Each year, the Marine Corps marks November 10th, The Marine Corps Birthday, with a celebration of the brave spirit which compelled these men and thousands since to defend our country as United States Marines.
On Monday November 11, 2019 we celebrated Veteran’s Day, honoring all who have served in the Military.
On November 11, 1919, U.S. president Woodrow Wilson issued a message to his countrymen on the first Armistice Day, in which he expressed what he felt the day meant to Americans:
ADDRESS TO FELLOW-COUNTRYMEN
The White House, November 11, 1919.
A year ago today our enemies laid down their arms in accordance with an armistice which rendered them impotent to renew hostilities, and gave to the world an assured opportunity to reconstruct its shattered order and to work out in peace a new and juster set of international relations. The soldiers and people of the European Allies had fought and endured for more than four years to uphold the barrier of civilization against the aggression’s of armed force. We ourselves had been in the conflict something more than a year and a half.

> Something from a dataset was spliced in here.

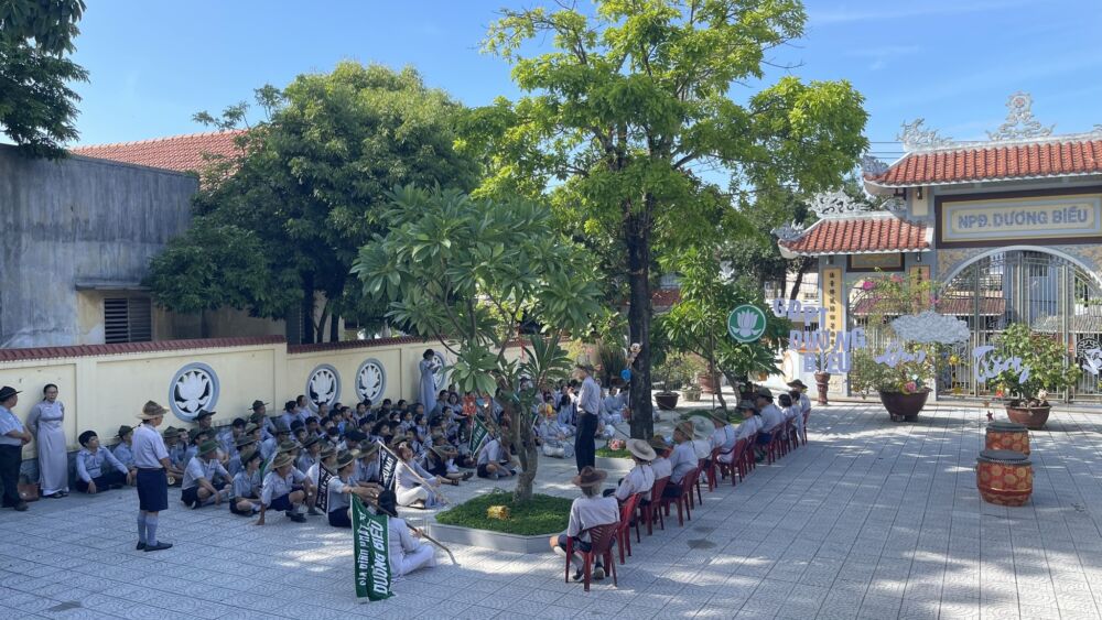 Thực hiện chương trình sinh hoạt, thăm viếng trong năm 2023 của Phân ban Gia đình Phật tử Trung ương; vừa qua kết hợp lễ thọ cấp Tấn cho huynh trưởng GĐPT, Phân ban GĐPT Trung ương sau chuyến thăm và làm việc với Phân ban GĐPT Thừa Thiên-Huế, Đoàn Ban Hướng dẫn Phân ban GĐPT Trung ương do quý huynh trưởng cấp Dũng Tâm Giới Phan Ngọc Thảo – Phó Trưởng ban Hướng dẫn Phật tử Trung ương, Trưởng Phân Ban GĐPT Trung ương; Huynh trưởng cấp Dũng Tâm Duệ Nguyễn Đức Châu – Cố vấn chuyên môn Phân Ban GĐPT Trung ương; Huynh trưởng cấp Tấn Tâm Chánh Lê Quang Cự – Trưởng Phân ban GĐPT Thừa Thiên Huế; Huynh trưởng cấp Tấn Tâm Quỳ Trần Thúc Phúc – Trưởng Phân ban GĐPT thành phố Huế; cùng quý Huynh trưởng trong Thường trực BHD Phân Ban GĐPT Trung ương, quý Huynh trưởng BHD Phân ban GĐPT Thừa Thiên Huế và Phân Ban GĐPT thành phố Huế đã đến thăm 2 đơn vị tiêu biểu của Thừa Thiên Huế là Dương Biều và Thiên Hương.

With splendid forgetfulness of mere personal concerns, we remodeled our industries, concentrated our financial resources, increased our agricultural output, and assembled a great army, so that at the last our power was a decisive factor in the victory. We were able to bring the vast resources, material and moral, of a great and free people to the assistance of our associates in Europe who had suffered and sacrificed without limit in the cause for which we fought.

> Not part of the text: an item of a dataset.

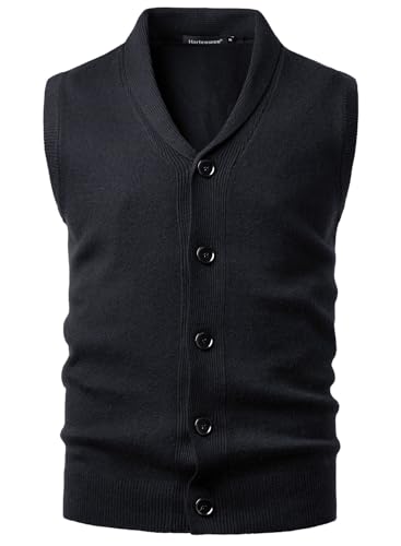 Harbrosrce Herrsjal krage väst stickad tröja västar tjock stickad tröja linne ärmlös cardigan med knappar för gentleman, Svart, L
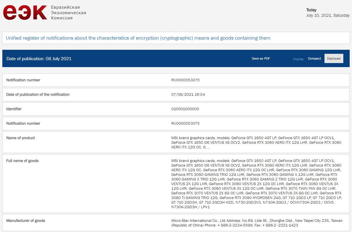 MSI's Hydrogen series might be coming back, as seen on an EEC listing filed by the company. According to the listing, the new Hydrogen series will only feature one SKU, an RTX 3090 card, but MSI may launch more cards further down the line. Moreover, the listing also includes MSI's lineup of LHR GPUs, featuring multiple RTX 3080, 3070, 3060 Ti, and 3060 models.

Out of this victory there arose new possibilities of political freedom and economic concert. The war showed us the strength of great nations acting together for high purposes, and the victory of arms foretells the enduring conquests which can be made in peace when nations act justly and in furtherance of the common interests of men.
To us in America the reflections of Armistice Day will be filled with solemn pride in the heroism of those who died in the country’s service, and with gratitude for the victory, both because of the thing from which it has freed us and because of the opportunity it has given America to show her sympathy with peace and justice in the councils of nations.